The Cinematheque will devote one day, Friday, to the early work, screening Tarr’s first and second features at the Los Feliz Theatre in Los Angeles. Family Nest (1977), made at the Balázs Béla Studio when Tarr was only twenty-two, is a docudrama focusing on a young woman raising her daughter in the cramped apartment she shares with her husband and his family. In 1985, when Jonathan Rosenbaum was still at the Chicago Reader, he called Family Nest “a blunt piece of Hungarian social realism.”

In 1978, Tarr met—and eventually married—Ágnes Hranitzky, who edited all of his films from The Outsider (1981) on and is credited as a codirector on the final three features. When Jonathan Romney met the couple in 2001, he noted in the Guardian that they “cut a dash together, in bohemian black with matching scarves.” The Outsider tracks the meanderings of a young music lover and drinker as he falls in and out of work and in and out of love. “There were a lot of shit things in the cinema, a lot of lies,” Tarr told Romney when discussing these early films. “We weren’t knocking at the door, we just beat it down. We were coming with some fresh, new, true, real things. We just wanted to show the reality—anti-movies.”

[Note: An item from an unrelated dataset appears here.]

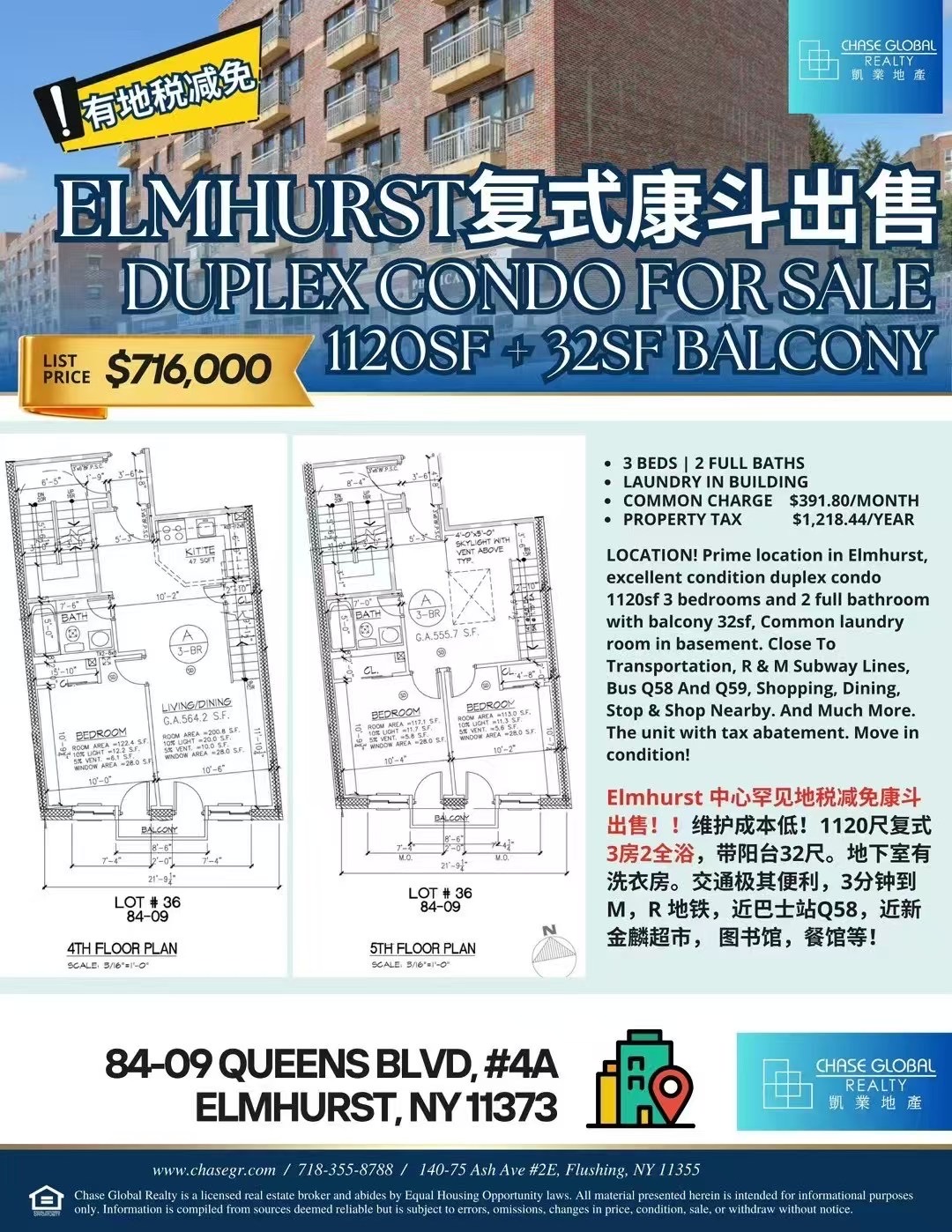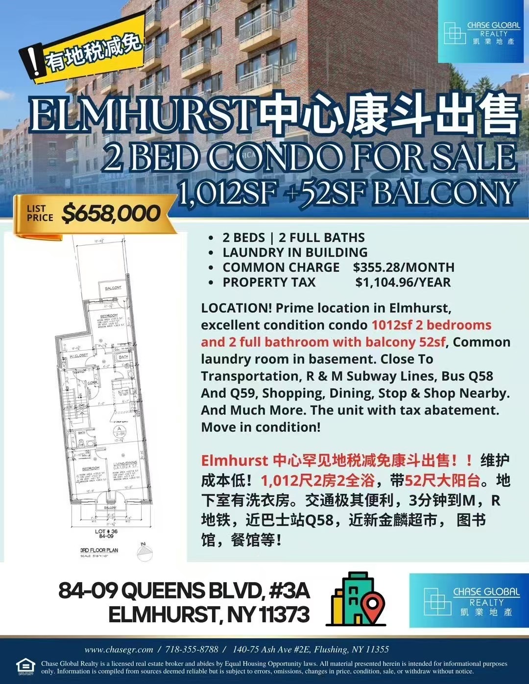 纽约艾姆赫斯特豪华康斗出售Elmhurst Condo NY新上市艾姆赫斯特高级康斗出售艾姆赫斯特豪华康斗独家出售买卖明天早上11点可以看Elmhurst中心 2 Condo

Another crucial collaboration began just a few years later when a friend sent Tarr the manuscript of what became the debut novel by László Krasznahorkai. “I read it, and fell in love immediately,” Tarr told R. Emmet Sweeney in Film Comment in 2012. Sátántangó made Krasznahorkai a literary figure to be reckoned with, and he and Tarr hit it off right at the outset. No one in Hungary, though, would fund an adaptation. When Sátántangó finally appeared in English in 2012, Theo Tait, writing in the Guardian, called it “a monster of a novel: compact, cleverly constructed, often exhilarating, and possessed of a distinctive, compelling vision—but a monster nevertheless. It is brutal, relentless, and so amazingly bleak that it's often quite funny.”

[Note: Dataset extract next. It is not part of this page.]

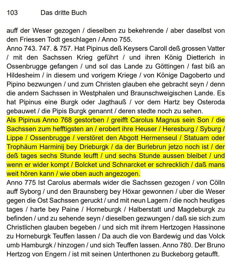 Nicht berücksichtigt, jedoch ein sehr wichtiger Hinweis über den Bullerborn nahe der Iburg! In der selben Schrift wird geschrieben auf Seite 79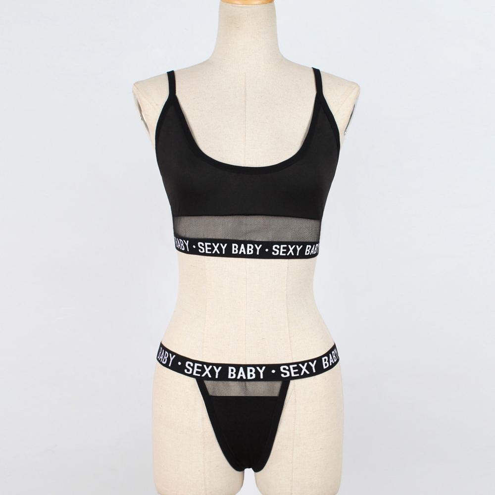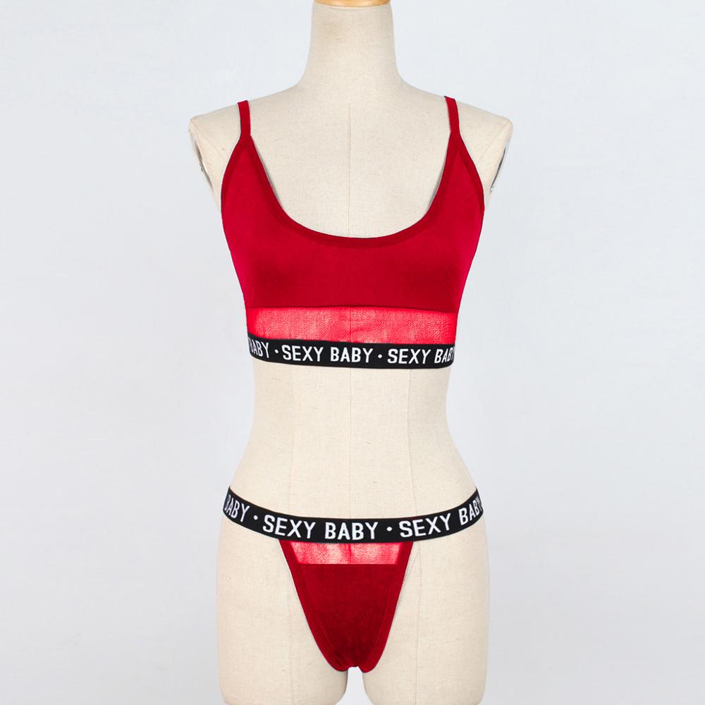 Summer Sexy Fashion Letter Solid Patchwork  Underwear Women Set Women Lingerie Underwear G-String Set Lingerie Femme Lingerie

Krasznahorkai and Tarr decided to make do with the limited resources the Hungarian Film Institute had to offer and wrote a screenplay on a more modest scale. “And yet there is nothing minor or slight about Damnation [1988], which moves fluidly through literary landscapes, mapping out references that range from Hamlet to Dostoevsky, to Goethe,” wrote Ela Bittencourt in Reverse Shot in 2012. Miklós B. Székely plays a loner who falls head over heels for a married singer (Vali Kerekes) at a local bar, “but as usual with Tarr,” wrote Bittencourt, “imagery and their metaphoric resonance are more important than plot. Suspense is a result of deliberate pacing and vagueness and, in this case, of the mysterious omnipresence of dogs.”

The mood is deepened by the soundtrack composed by Mihály Vig, another collaborator who stuck with Tarr through The Turin Horse (and beyond; they worked together again on Missing People). On Damnation, Sátántangó, and Werckmeister Harmonies, Tarr worked with cinematographer Gábor Medvigy, and as Ed Halter wrote in the Village Voice in 2007, the “signature Tarr shot—as unabashedly avant as anything by Michael Snow or James Benning—creeps unbroken for up to ten minutes or more, smoothly panning in horizontal landscape scrolls, or tracking back at a snail’s pace to reveal lugubrious human interactions unfolding in real time, enforcing its own otherworldly pace in brazen defiance of our collective attention-deficit disorder. Each shot becomes a mini-movie in itself, prying open a rare opportunity for deep contemplation, then filling it with the bitter antimatter of spiritual desolation.”

As Tarr told Sweeney, “in Hungary everybody hated” Damnation, “and they told me very clearly that I could not make movies in Hungary any more.” So he and Hranitzky moved to Berlin. Then the Wall fell, freeing the couple to return and begin work on Sátántangó. Running more than seven hours, the film saw its international premiere in Berlin, where it won the Caligari Film Prize. “Set on an entropic collective farm during the last years of Hungarian Communism, it’s a mordant, characteristically Eastern European tale of hapless peasants and charismatic swindlers,” wrote the Voice’s J. Hoberman in 2007. “Despair has never been more voluptuously precise. Sátántangó has cast its spell on cineastes as varied as the late Susan Sontag and the rejuvenated Gus Van Sant. If you have a day to devote to it, the same might happen to you.”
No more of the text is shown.